После опубликования «Похождений бравого солдата Швейка» писатель-коммунист Иван Ольбрахт заметил: «Нас всех война била палкой по голове, когда мы писали о ней, сидела у нас за спиной и пригибала головы к самой бумаге, а если нам удавалось распрямиться, делалось это с величайшим напряжением воли и мускулов. Гашеку не надо было превозмогать и побеждать в себе войну. Он стоял над ней с самого начала. Он смеялся над ней. Он был готов смеяться и над войной вообще и над всеми ее проявлениями, словно это не более, чем пьяная драка в жижковском трактире. Для того чтобы так смотреть на нее, нужна изрядная доля швейковщины и… крупица гениального идиотства…» [7] То, что Ольбрахт называет здесь «гениальным идиотством», советский литературовед M. M. Бахтин назвал впоследствии «карнавальным мироощущением» и показал, что оно вообще свойственно народному искусству и мировосприятию. Это мироощущение позволяет постигать мир в единстве зарождения и отмирания, вовлекая в «зону фамильярного контакта» жизнь и смерть, ломая все условности и перегородки, сближая людей и освобождая их от страха. Рисовать войну в озорном свете этого мироощущения Гашеку помогает фигура Швейка, рожденная наполовину действительностью XX века, наполовину многовековым сказочным фольклором. Персонажи Йона начисто лишены гашековской гиперболичности.
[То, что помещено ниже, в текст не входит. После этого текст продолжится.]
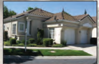
3838 Annadale Ct. $449,950

Fabulous 4432 sqft. custom home overlooking the 2nd fairway of Brookside golf course, 4 bed 4 bath. Elegant master suite downstairs, 2 suites upstairs, huge open & flowing floorplan, rich walnut, mahogany and fir hardwoods throughout, wine storage, private balcony, Wonderful secluded bbq area, sophisticated yet comfortable.

Таких, как они, можно было встретить сотнями и тысячами. Каждому из этих ничем не примечательных людей в отдельности нелегко встать «над войной». И автор относится к ним с чуть ироническим сочувствием. «Юмор Йона — прямое дитя сострадания» [8], — отмечал Карел Чапек. Но и Йону и его героям тоже свойственно восприятие мира в гротескном единстве жизни и смерти, плотски-низменного и высокого, смешного и трагического. Праздничный карнавал жизни не прекращается для них и на войне. «Свобода надевает плащ и лохмотья безумия», — писал Йон в первом варианте авторской концовки книги. И это веселое «безумие», помогающее людям освободиться от кошмара войны и векового гнета, лишь не нашло на страницах «Вечеров» такого наглядного воплощения, какой стала легендарная фигура Швейка.
Вслед за «Вечерами на соломенном тюфяке» Йон издает книгу рассказов «Табакерка» (1922), затем надолго умолкает. А на общественной арене вновь появляется Богумил Маркалоус.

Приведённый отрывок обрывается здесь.